══ Extracted data

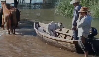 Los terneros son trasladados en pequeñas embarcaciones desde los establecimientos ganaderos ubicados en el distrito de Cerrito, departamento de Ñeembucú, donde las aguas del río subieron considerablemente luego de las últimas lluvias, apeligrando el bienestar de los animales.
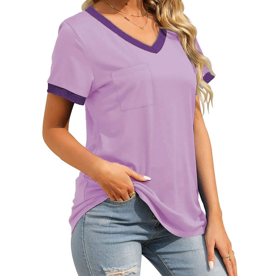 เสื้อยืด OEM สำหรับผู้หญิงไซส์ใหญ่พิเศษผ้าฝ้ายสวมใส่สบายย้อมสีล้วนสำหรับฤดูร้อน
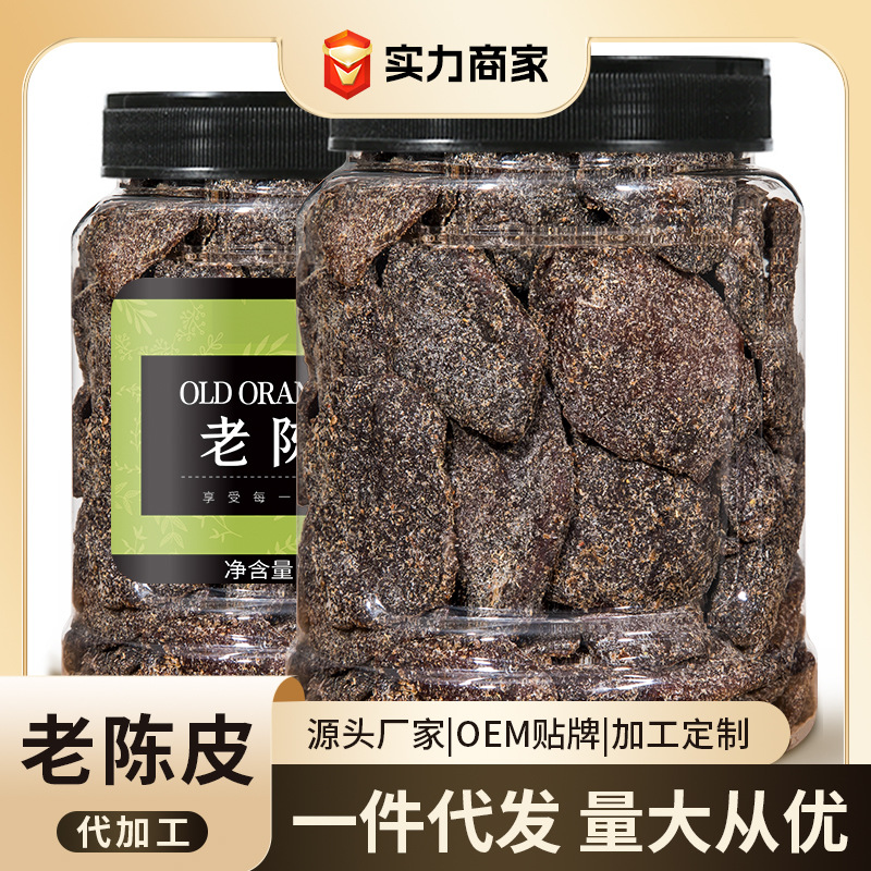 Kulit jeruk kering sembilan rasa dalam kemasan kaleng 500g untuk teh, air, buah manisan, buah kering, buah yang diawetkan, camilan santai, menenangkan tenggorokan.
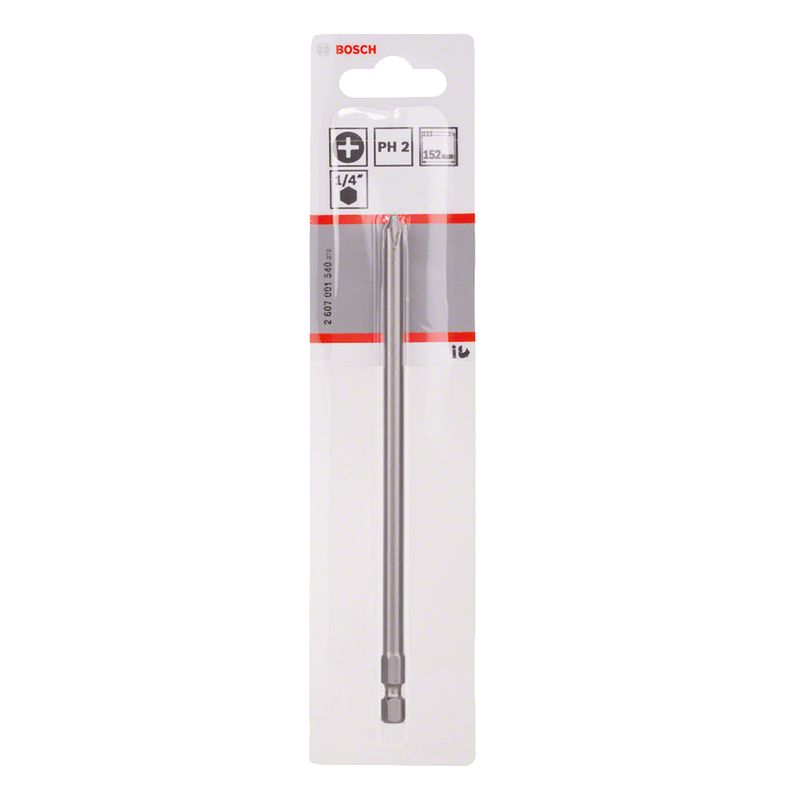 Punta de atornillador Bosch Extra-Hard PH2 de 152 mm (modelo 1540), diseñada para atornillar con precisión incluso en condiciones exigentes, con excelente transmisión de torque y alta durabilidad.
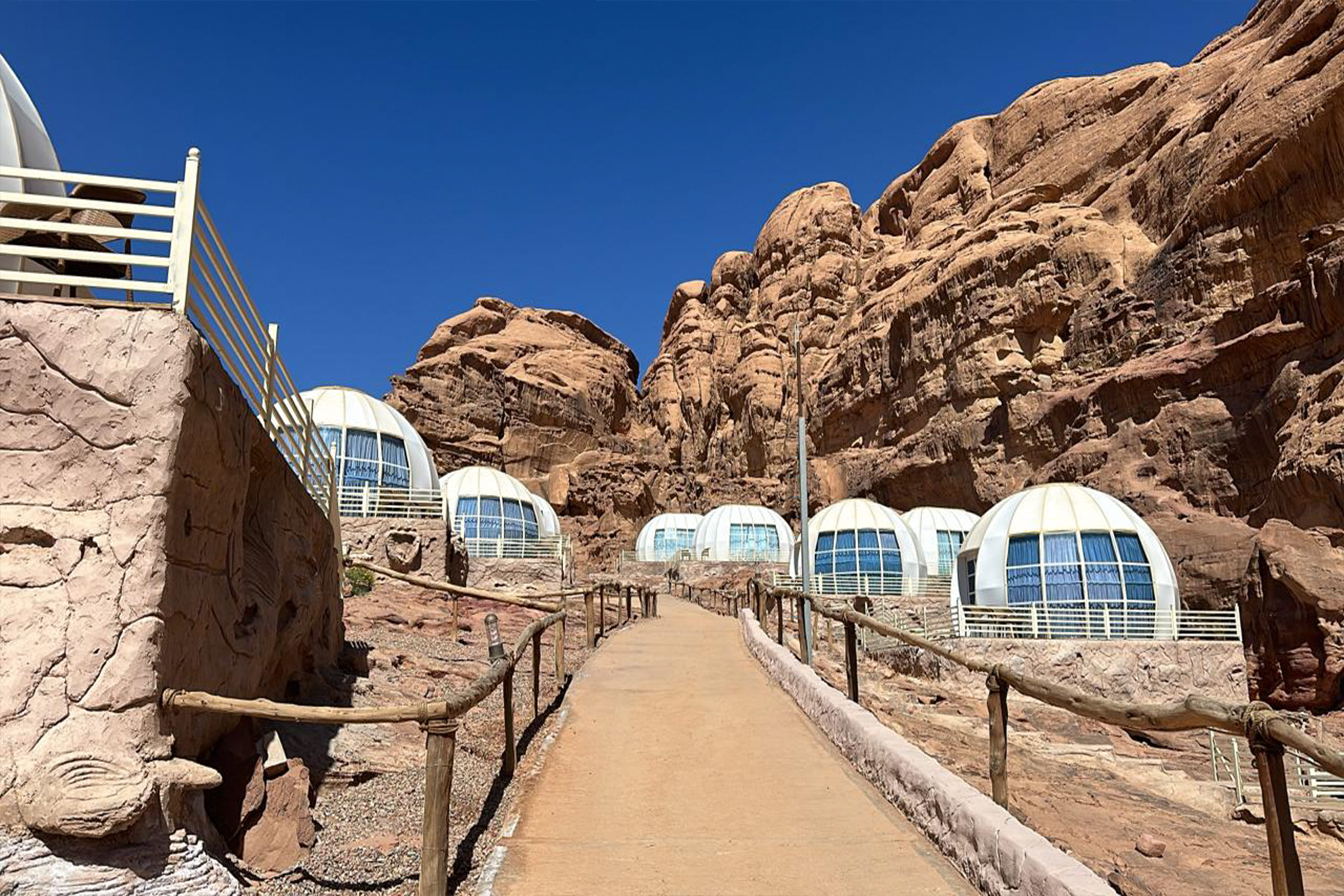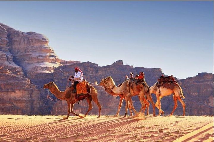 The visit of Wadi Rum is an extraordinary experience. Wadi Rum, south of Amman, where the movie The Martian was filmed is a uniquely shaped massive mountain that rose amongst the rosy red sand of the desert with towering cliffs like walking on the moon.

════

■ Brief ■
Omitting all pictures, retype exactly the lines from the line containing "Punta de atornillador" down to the last line above, both ends included.

■ Task response ■
 Punta de atornillador Bosch Extra-Hard PH2 de 152 mm (modelo 1540), diseñada para atornillar con precisión incluso en condiciones exigentes, con excelente transmisión de torque y alta durabilidad.
 The visit of Wadi Rum is an extraordinary experience. Wadi Rum, south of Amman, where the movie The Martian was filmed is a uniquely shaped massive mountain that rose amongst the rosy red sand of the desert with towering cliffs like walking on the moon.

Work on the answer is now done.